I'm sure this will be an easy question for you experts out there, but I have been searching the forum and working on this for a couple hours now and can't get it right.
I have a very messy data file that I am trying to tidy up - one of the issues is some records are split into multiple lines:
999999000 "Name" "this is text for line one
line two
line three"
And I've been trying all sorts of version of sed to get it to look like this:
999999000 "Name" "this is text for line one line two line three"

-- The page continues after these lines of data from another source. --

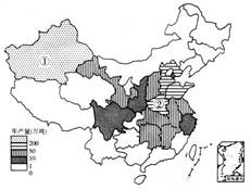5、单选题 图5为我国2007年某农作物年产量分布图。读图回答题。
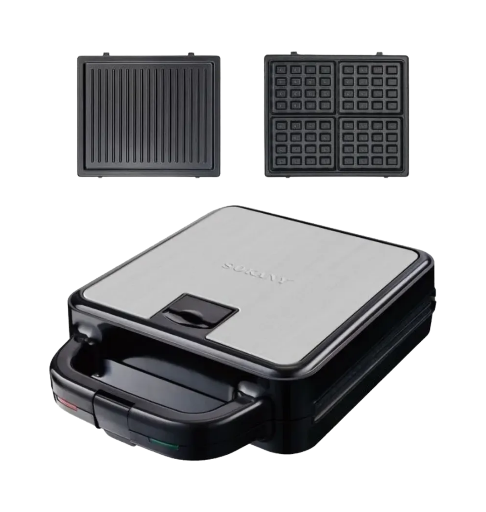 تصميم متعدد الوظائف: مزوّد بـ صفائح قابلة للتبديل لتحضير السندويشات، الوافل، وشوي اللحوم أو الخضروات.
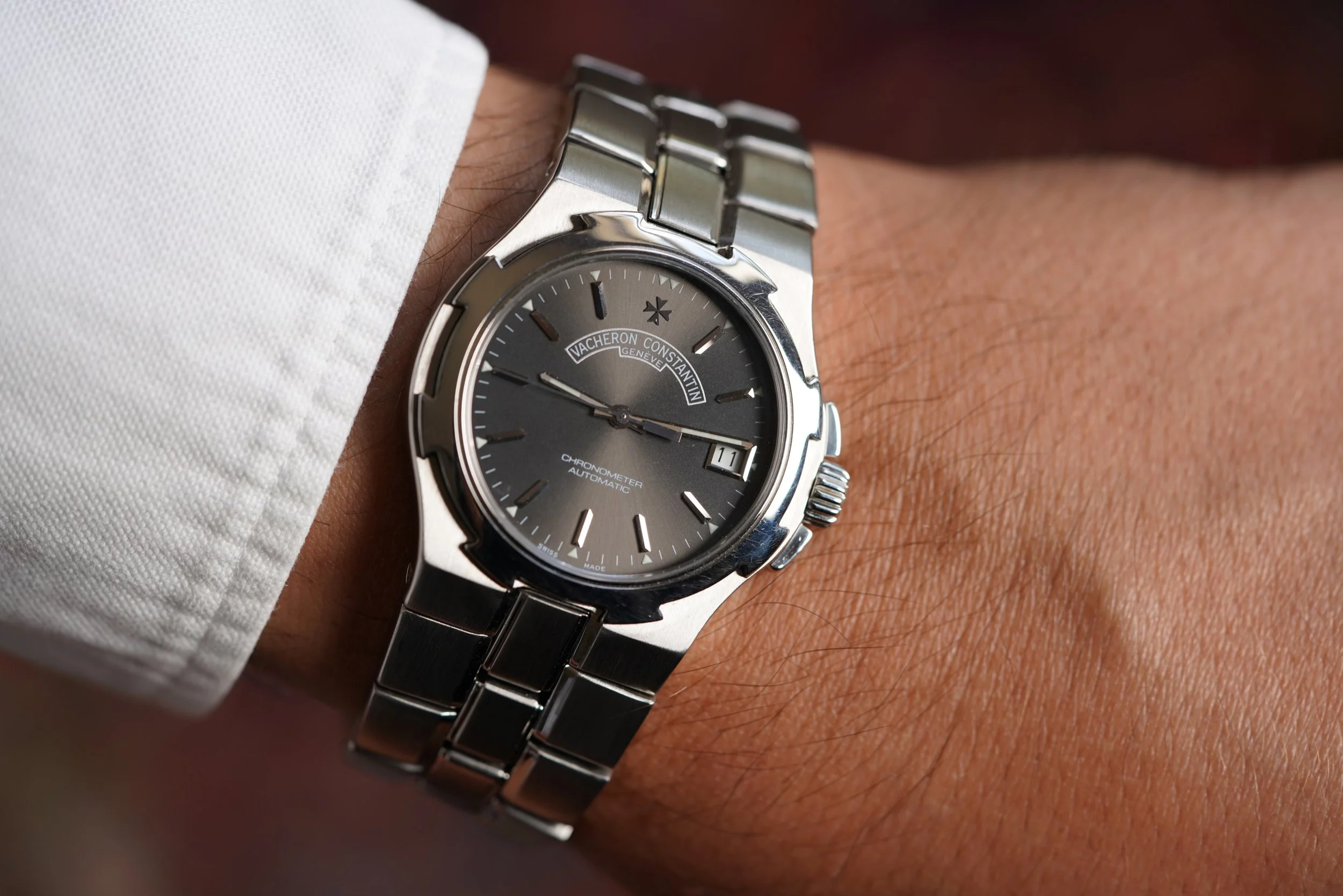 This Vacheron Constantin Overseas is a very cool watch with a great design. The case is strong. We believe it has been lightly polished. It measures 37mm in diameter (43mm lug-to-lug). It is powered by the calibre 1310. We do not know the year of production.
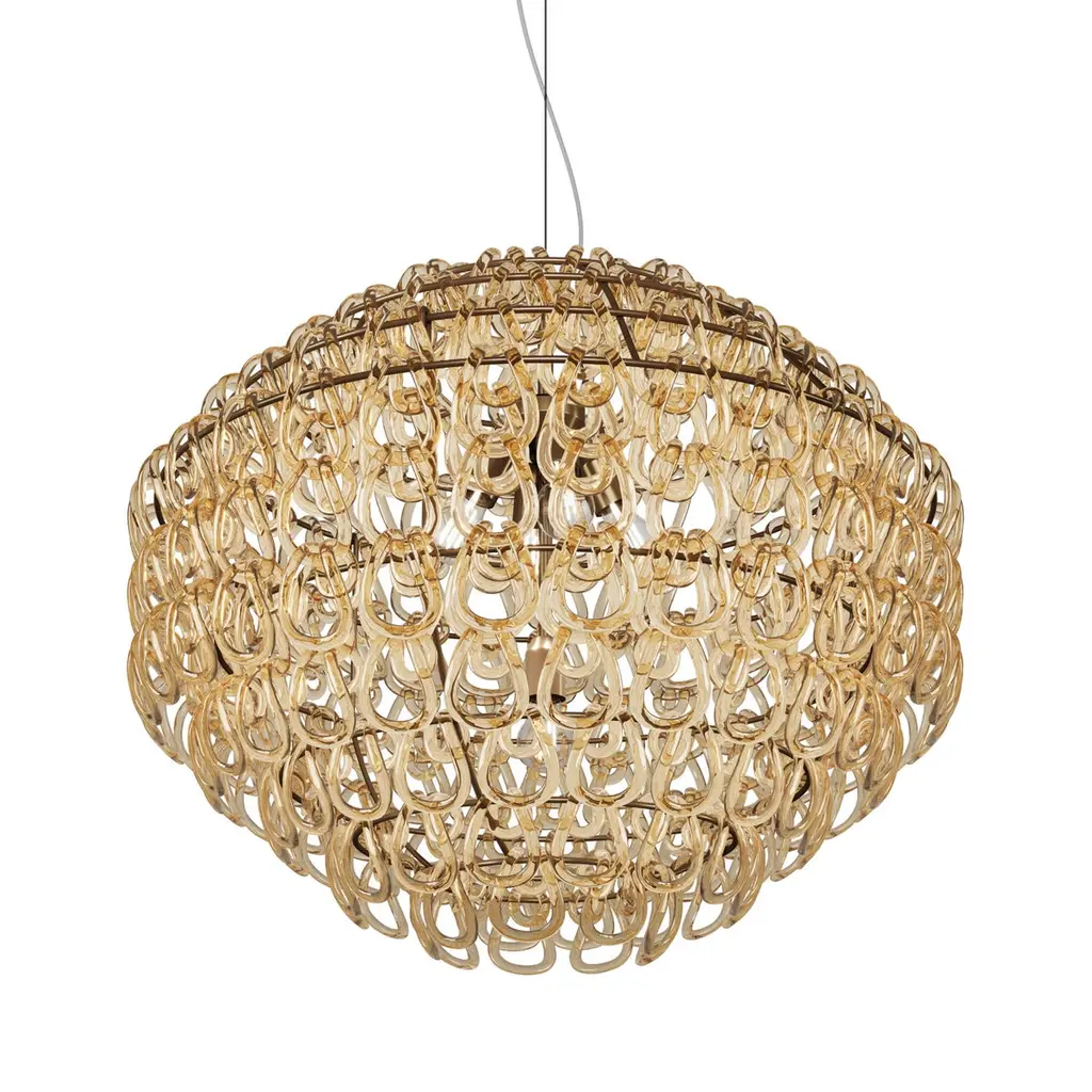 A pure element: the crystal hook. It is the intuition of a master of Italian design, Angelo Mangiarotti, who in 1967 created the best seller of the Vistosi catalogue, Giogali. An iconic interweaving applied to the version one prefers. Specifications:Material: Glass, MetalLight source: E26 UL No of bulbs: 5x60W E26 UL (120V/60HZ)Dimmer: DIM 1Year: 1967Glass finish: Crystal AmberFrame finish: Matt bronze 1Dimensions: Ø 85 x 70 H cmCable length: 200 cmAvailable in other glass finish options: White, Crystal Silver, Crystal Bronze, Crystal Smoky, Black, Crystal Black Nickel, Crystal Gold, Crystal Copper, Crystal TransparentAvailable in other frame finish option: Glossy chromeAvailable in other size options: Ø 35, Ø 50, Ø 65, 50x50, Ø 55, 120x60, 120x40x50, 120x40x80, 80x30 cmPlease inquire about customization options.

and yes, I have tried things like sed 's/$/ /' file1 > file2... the problem is not every line has an issue, so I'm trying to figure out how to only remove line feeds for problematic lines, not all lines
the problem lines will begin with alpha characters not numeric, so I've been trying to do something with that but to no avail
> cat file31
999999000 "Name" "this is text for line one
line two
line three"
888888000 "Yep" "All on one line"
777777111 "Yes" "Another good text"
555555999 "Name" "this is other text for line one
line two
line three"
> cat calc_file31
rm file32
while read line
do
if [ `echo "$line" | tr -d " " | grep '"$'` ]
then
echo "$line""~" >>file32
else
echo "$line" >>file32
fi
done <file31
cat file32 | tr "\n" " " | tr "~" "\n"
> calc_file31
999999000 "Name" "this is text for line one line two line three"
888888000 "Yep" "All on one line"
777777111 "Yes" "Another good text"
555555999 "Name" "this is other text for line one line two line three"
>